You should generate uniformly distributed angles phi
, and take the sqrt
of uniformly generated radius r
(which takes into account that we want to sample uniformly on the area, see explanation below), to make sure you sample points uniformly in the half-circle.
import numpy as np
import matplotlib.pyplot as plt
# sample
size = 10000
R = 1
phi = np.random.random(size=size) * np.pi
r = np.sqrt(np.random.random(size=size)) * R
# transform
x = r * np.cos(phi)
y = r * np.sin(phi)
# plot
f = plt.figure(figsize=(12,12))
a = f.add_subplot(111)
a.scatter(x, y, marker='.')
a.set_aspect('equal')
plt.show()

Explanation
To generate uniformly distributed points on a (half-)circle we have to make sure that each infinitesimal area or segment is "hit" with the same probability. We can simply sample phi
from a uniform random distribution [0, 1)
, multiplied by np.pi
(so [0, pi)
), since all angles should have the same probability to be sampled. But if we sample r
from a uniform random distribution in [0, 1)
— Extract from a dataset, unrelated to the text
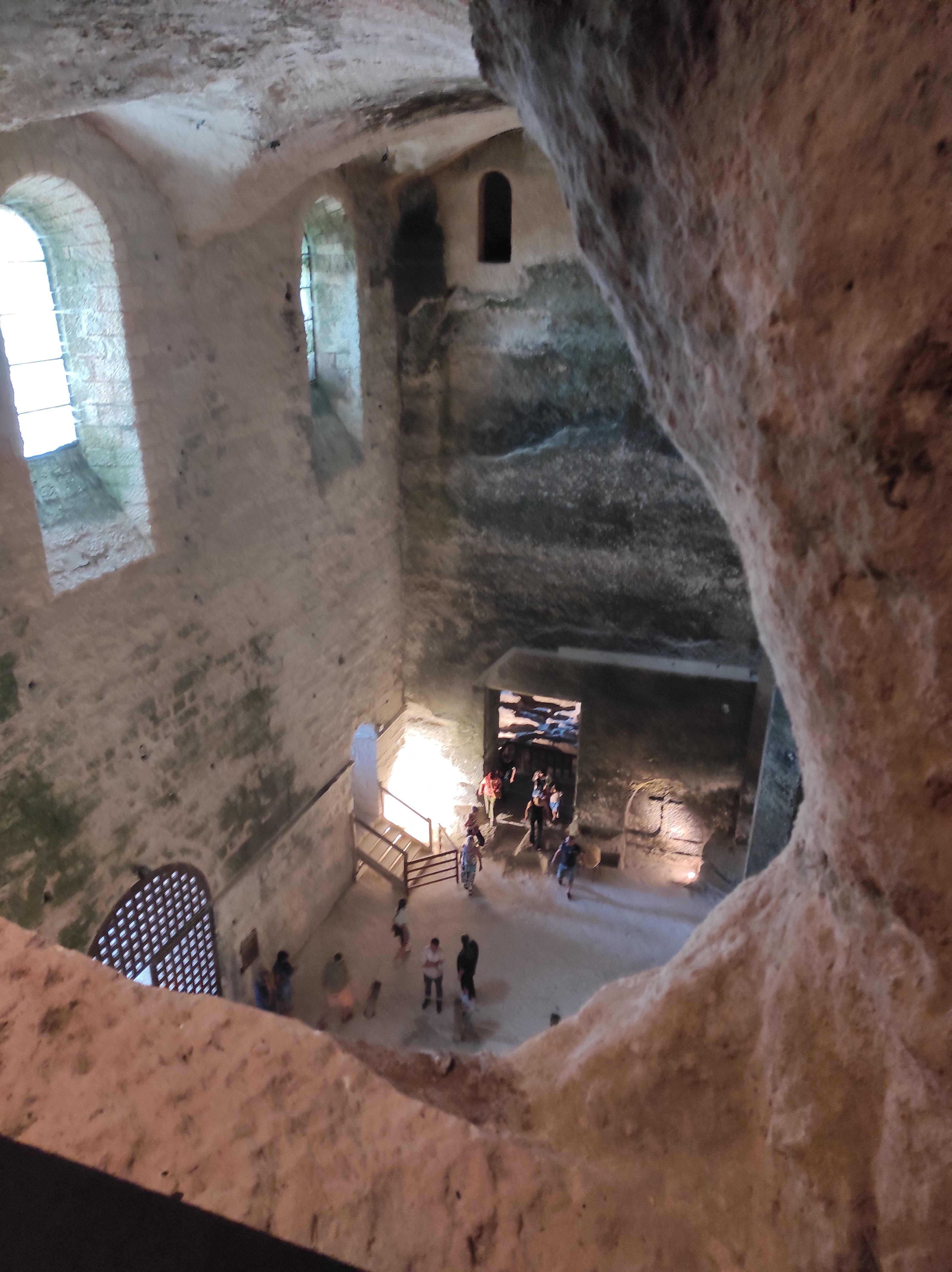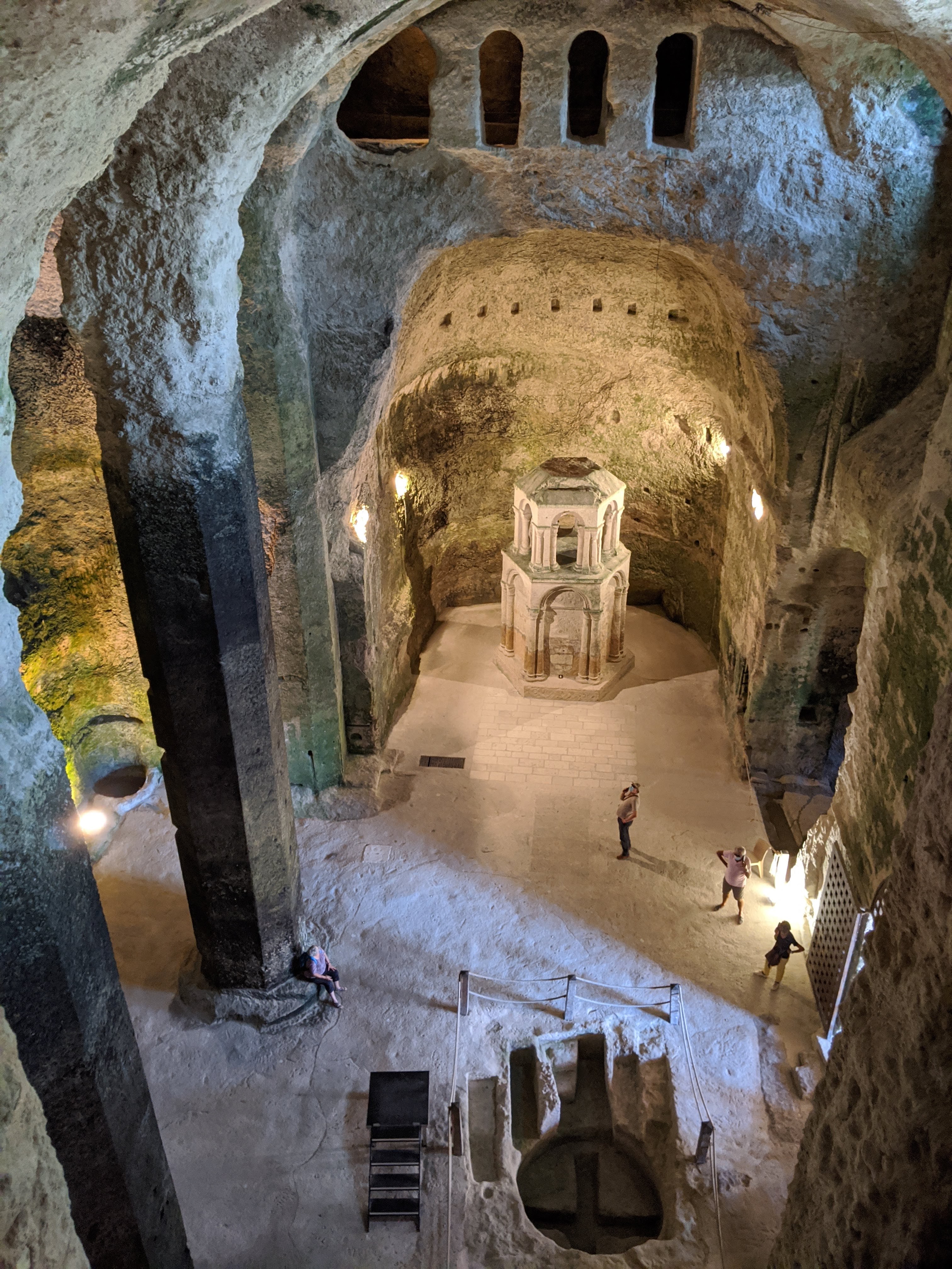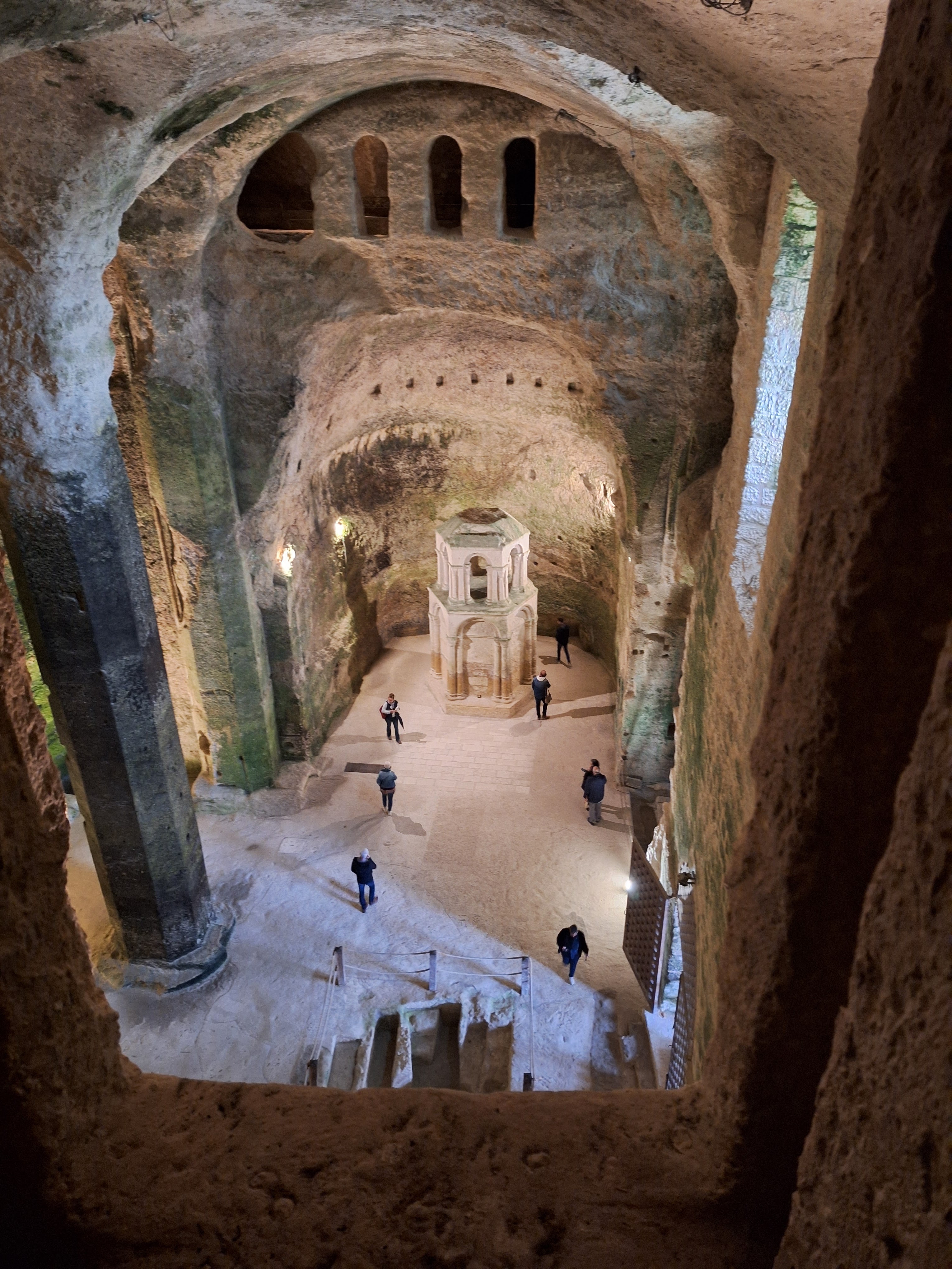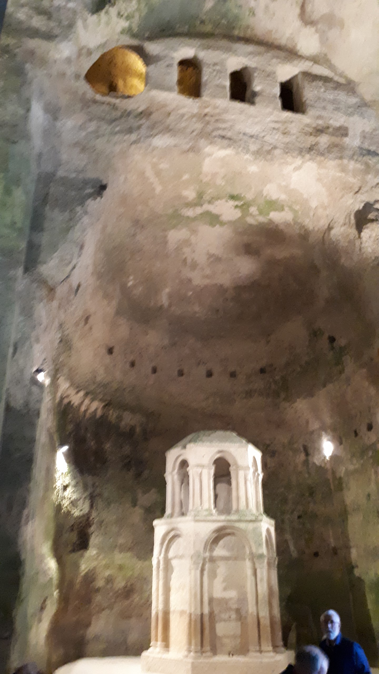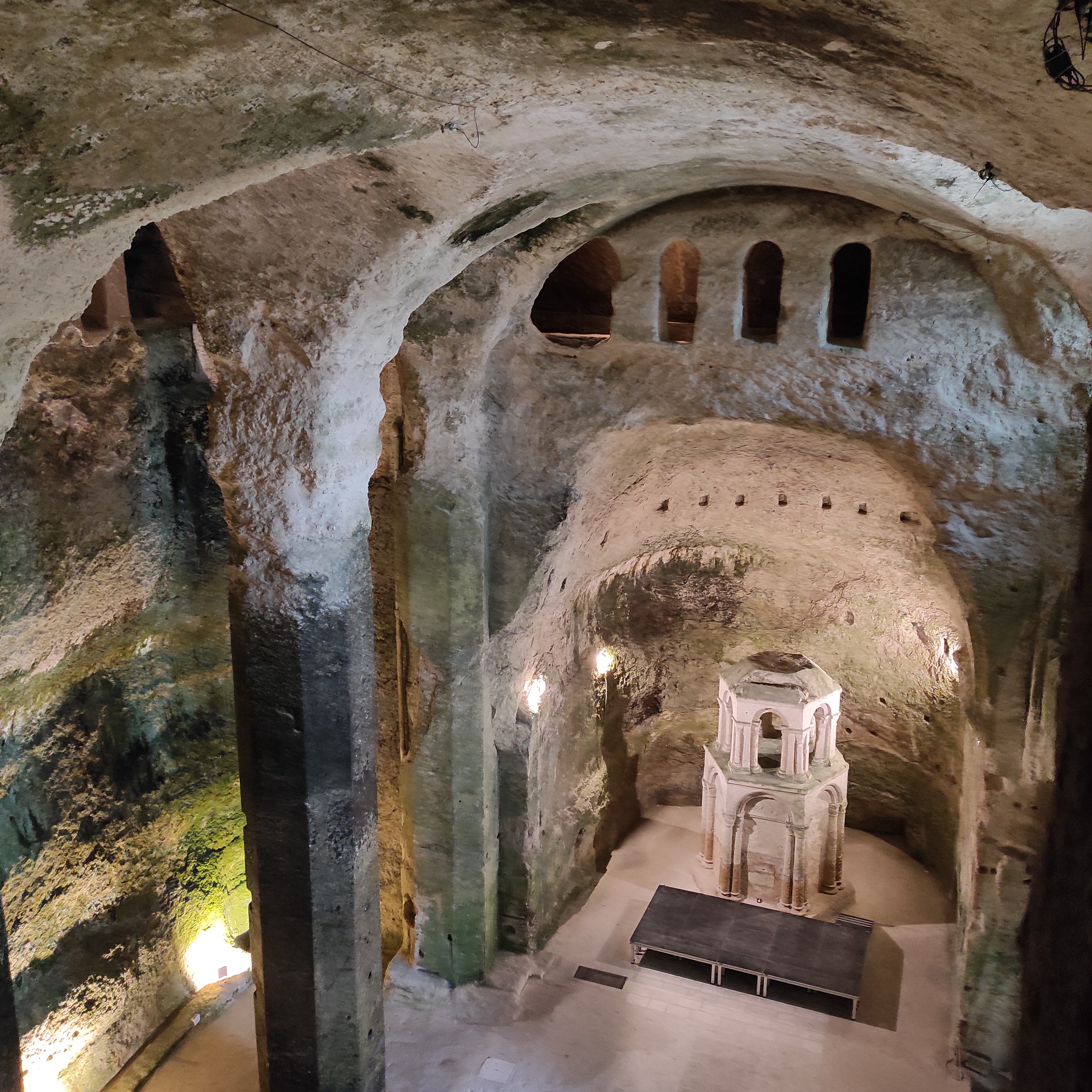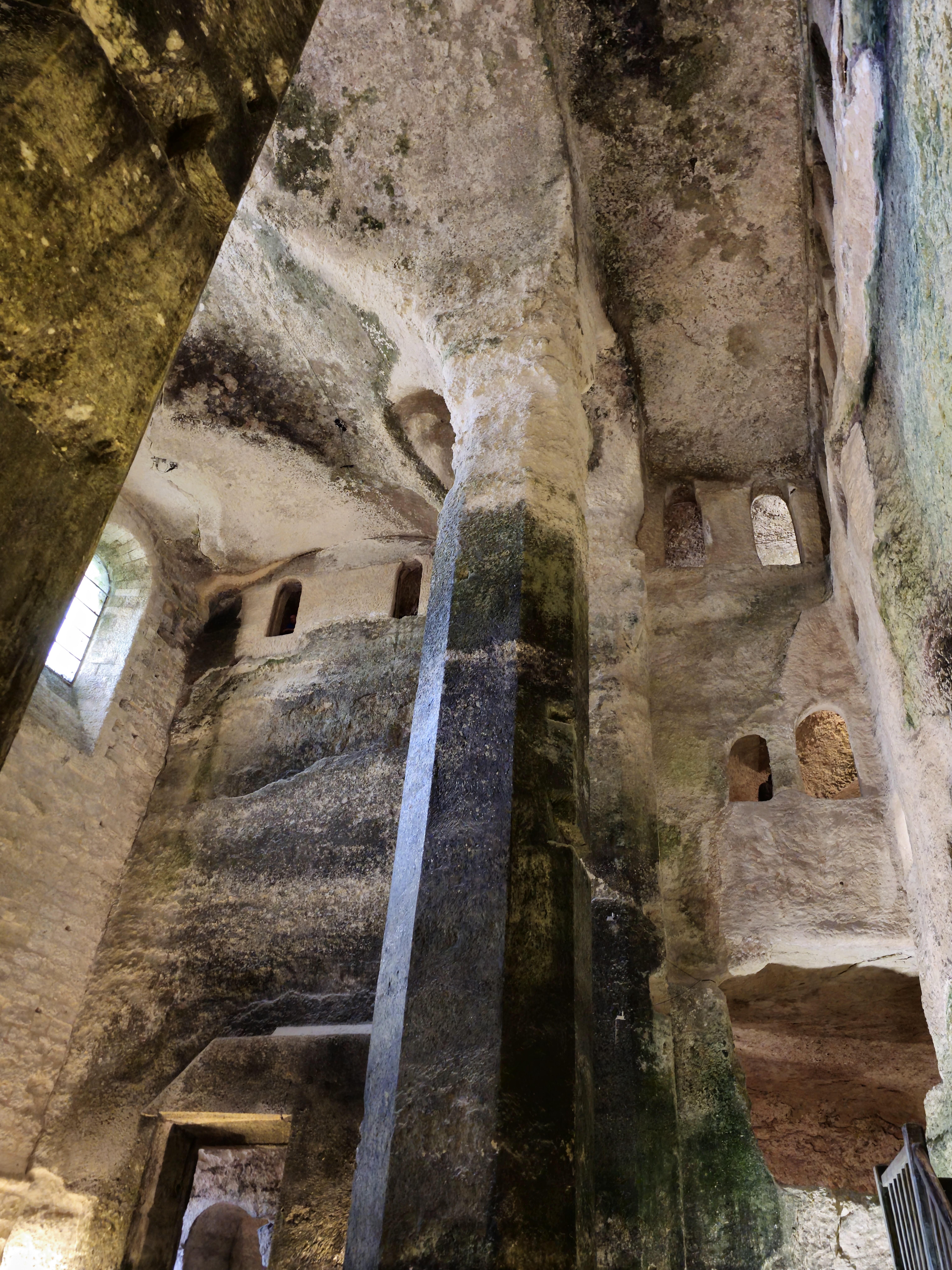 Grandiose et fascinante. Des églises ou des chapelles troglodytes, j’en avais déjà visité, mais là, on est dans les dimensions d’une cathédrale. Les immenses colonnes situées dans la nef qui accueille les visiteurs sont terriblement impressionnantes. Nos ancêtres du moyen-âge, habités par la foi, ont démontré par cet ouvrage un immense courage, des connaissances techniques et des savoir-faire exceptionnels. Sa nef grandiose, son reliquaire monumental taillé à même la roche, sa nécropole de 200 tombes, son ossuaire, son déambulatoire à plus de 10 mètres de hauteur m’ont laissé des souvenirs que je crois inoubliables.

, we generate too many points at small radia, and not enough at large radia, since the area grows like r**2
. To take that fact into account, we have to bias our sampled radia accordingly, and in this case we can apply the biasing by simply taking the square root (np.sqrt
), to apply the correct weighting to the sampled radius values, and take into account the larger area of the outer rings.
A much better and more thorough explanation is found here: https://stackoverflow.com/a/50746409/1170207
Performance comparison to rejection sampling methods
Since this method is basically an inversion sampling method, we compare its
performance to a rejection sampling algorithm.
import numpy as np
x, y = np.random.random(size=(2,10000))
%timeit r, phi = np.sqrt(x), y
# 19 µs ± 33.4 ns per loop (mean ± std. dev. of 7 runs, 100000 loops each)
%timeit m = x**2 + y**2 <= 1; xx, yy = x[m], y[m]
# 81.5 µs ± 271 ns per loop (mean ± std. dev. of 7 runs, 10000 loops each)
With the rejection sampling method we also cannot ensure that we draw a select number of variates, so we have to repeat the process until we have. This cannot be vectorized that nicely, unless we accept to sample too many values, and discard additional ones.